Often, the inversion of the fragment is accomplished through wordplay, the simple transformation from verb to noun. And, as with all wordplay, this poses challenges for the translator. In fragment 82, “Am I a verb that makes sense or just a senseless verb?” I had to invert the order of the elements in the Spanish, “¿Cumplo el sentido de un verbo, o sólo soy un verbo sin sentido?” since in English, sense is something you make, while in Spanish, sense is something you complete. Yet, in order to maintain the rhetorical balance of the fragment, it was important to maintain the symmetry of the elements. Thus, in the English, verbs are on the outside and sense in the center, while in Spanish it is the opposite: sentido-verbo-verbo-sentido. Similarly, in fragment 89, “Temo el sueño, temo la vigilia. Temo vigilar el sueño, soñar la vigilia,” which gains its rhetorical force from the repetition of the same noun/verb, I was challenged by the fact that insomnia is only a noun in English, not a verb, while “vigilar” in Spanish also means to watch, as in the English “to keep vigil.” In my translation, “I fear dreams, I fear insomnia. I fear insomniac dreams, dreaming insomnia,” the latter meaning was lost, as I privileged the juxtaposition of dream/insomnia, yet that is unfortunate. The increasing political repression and violence in Argentina at the time Bustos was writing lend added significance to this sense of being monitored.

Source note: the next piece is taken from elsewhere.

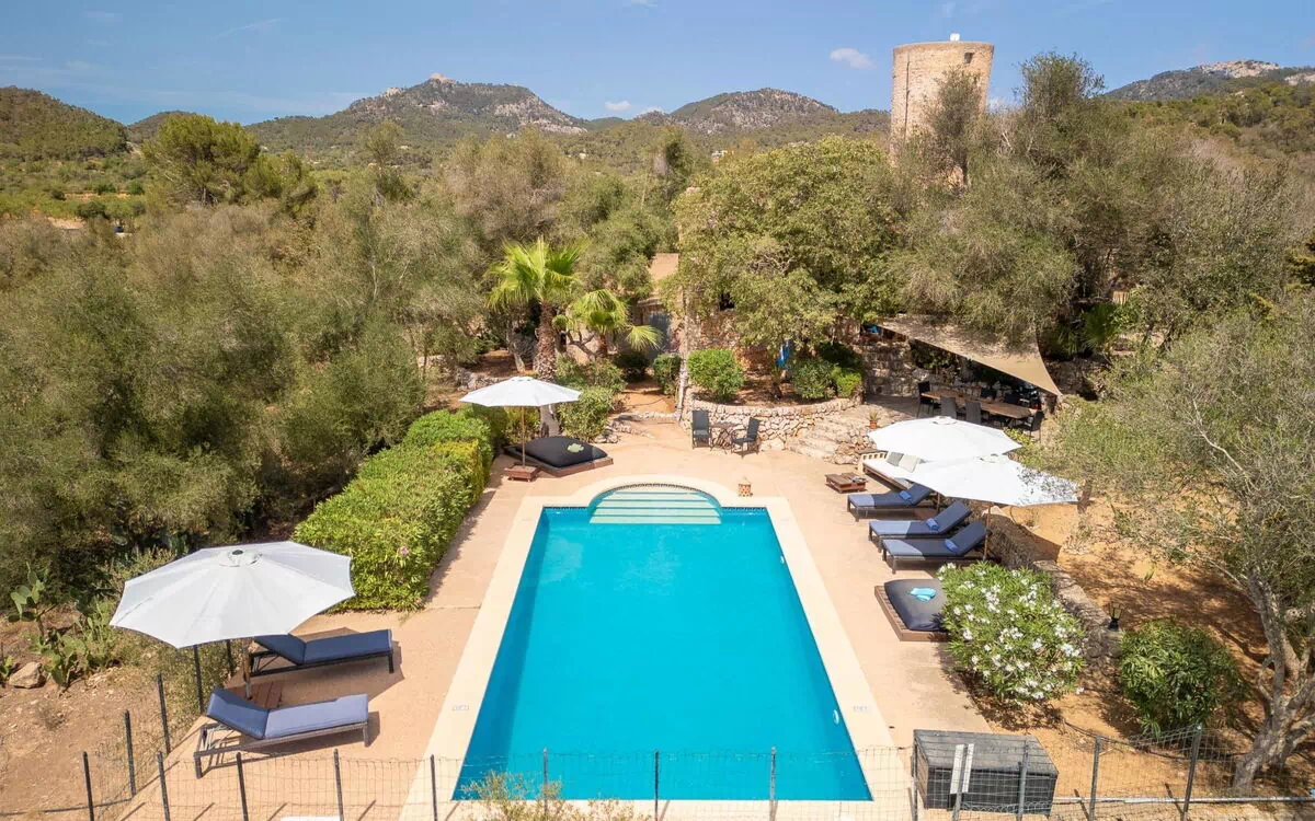 The farmhouse is suitable for families and can accommodate up to 9 adults comfortably. Please note that it is a non-smoking house. Some sleeping areas are located in an open-plan area, such as a gallery or alcove. The property offers panoramic views of the mountains, countryside, and the ocean. The floors are made of natural stone, adding to the rustic charm of the accommodations. Just an example, the property is named "Moli de sa Cova", and it allows a maximum of two pets or dogs during your vacation stay.

Fragmentary writing is an art that often emerges from periods of extreme violence as a form of bearing witness. Experiences as shattering as torture are nearly impossible to write about in straightforward prose. It is estimated that at least 30,000 people were disappeared between 1976 and 1983 during Argentina’s last military dictatorship. When Bustos was disappeared within its first months, he was one of the best known and acclaimed poets of his generation. Yet, his physical disappearance was quickly followed by the symbolic disappearance of his body of work that has only recently begun to be reversed, with the publication of his collected poetry edited by his son, the poet Emiliano Bustos, in 2008; an anthology translated into French by Stéphane Chaumet in 2015; a biography by Jorge Hardmeier in 2018; and my own translations into English of two of his complete books. “La desaparición es un fantasma tan grande que no hay nada que quede por fuera de su marco; aparece todo el tiempo y encierra cualquier pregunta, cualquier interrogante, cualquier hipótesis,” Emiliano Bustos says of living with the reality of his father’s disappearance since the age of four. Yet fragments traffic in absences, hinting toward what is missing outside the text. They are the perfect witness to an aborted life, a creative talent that was extinguished before completing its arc. When I began this translation project, the fate of Bustos after May 30, 1976 was still unknown. Only in 2014 were his remains identified by forensic anthropologists and it is now known that he was executed by firing squad on June 20, 1976. “A fragment can be the testimony of what did not escape to tell, but chose instead to remain at the site of the unspeakable and to speak there,” writes Revell. Bustos’s fragments continue to speak the unspeakable from out of the void of his absence—now, in another broken tongue.